我正在尝试使用 libcurl(在 C 中)将文件上传到网络服务器。服务器要求我使用 POST,而不是 PUT(这是 CURLOPT_UPLOAD 将使用的)。我还需要在标头中发送一个特定的令牌。这是我到目前为止所拥有的:
int upload(char *filepath, char *filename, char *token) {
CURL *curl;
CURLcode res;
FILE *fd;
struct stat file_info;
char *file;
asprintf(&file, "%s/%s", filepath, filename);
fd = fopen(file, "rb");
if (!fd) {
fprintf(stderr, "Could not open file.\n");
return 1;
}
if (fstat(fileno(fd), &file_info) != 0) {
fprintf(stderr, "Could not get file information.\n");
return 1;
}
curl = curl_easy_init()
curl_easy_setopt(curl, CURLOPT_URL, "https://127.0.0.1/upload");
curl_easy_setopt(curl, CURLOPT_READDATA, fd);
curl_easy_setopt(curl, CURLOPT_POST, 1L);
struct curl_slist *headers = NULL;
headers = curl_slist_append(headers, "Content-Type:application/octet-stream");
char *my_token = malloc(snprintf(NULL, 0, "X-Token:%s", token) + 1);
sprintf(my_token, "X-Token:%s", token);
headers = curl_slist_append(headers, my_token);
curl_easy_setopt(curl, CURLOPT_HTTPHEADER, headers);
curl_easy_setopt(curl, CURLOPT_VERBOSE, 1L);
res = curl_easy_perform(curl);
if (res != CURLE_OK) {
fprintf(stderr, "curl_easy_perform() failed: %s\n", curl_easy_strerror(res));
return 1;
}
fprintf(stdout, "Upload OK.\n");
return 0;
}
我从服务器得到的唯一响应是“400 Bad Request”。
我已经用 Python 编写了执行相同操作的代码,并且此文件上传有效:
import urllib, urllib2, json, os
def upload(self, filepath, filename, token):
# Open file
f = open(os.path.join(filepath, filename), 'rb')
filedata = f.read()
f.close()
request = urllib2.Request("https://127.0.0.1/upload" % filedata, {"Content-Type":"application/octet-stream", "X-Token":token})
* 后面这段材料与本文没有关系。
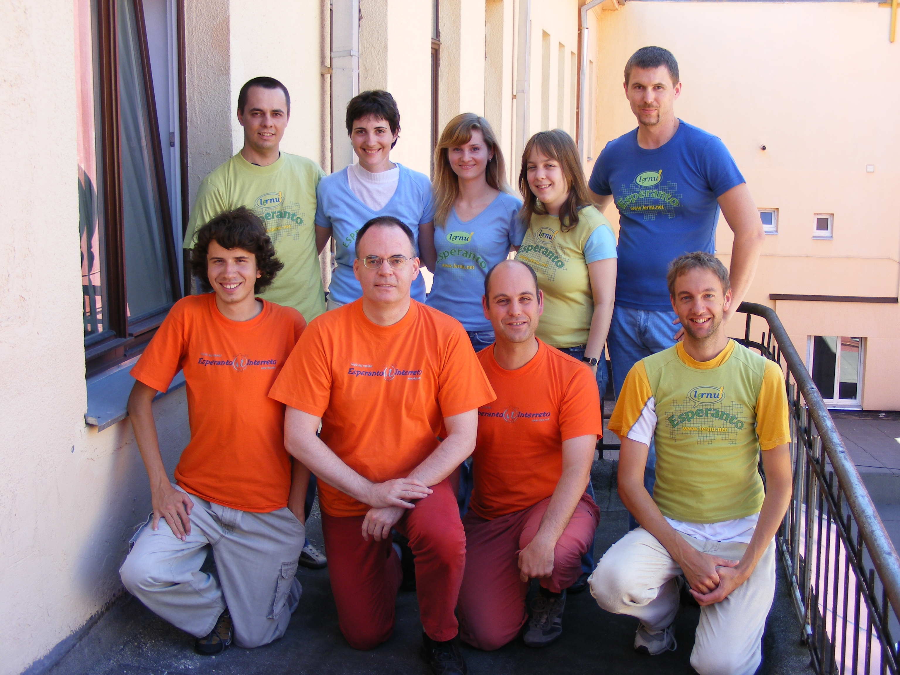 A meeting of E@I activists in Kaunas in mid-July 2007.
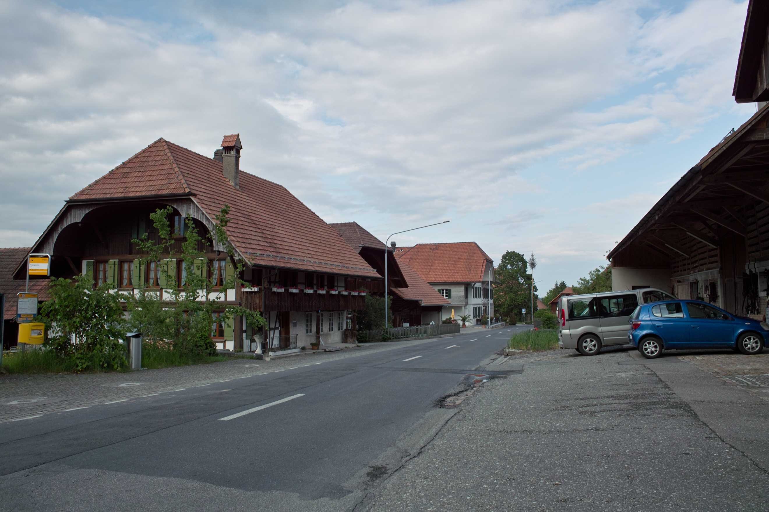 Village of Hessigkofen, canton of Solothurn, Switzerland.

res = self.opener.open(request)
return json.loads(res.read())
更新:以详细模式运行后:
> POST /upload HTTP/1.1
Host: 127.0.0.1
Accept: */*
Content-Type:application/octet-stream
X-Token: 17f684-b98c
Content-Length: -1
Expect: 100-continue
< HTTP/1.1 Bad Request
....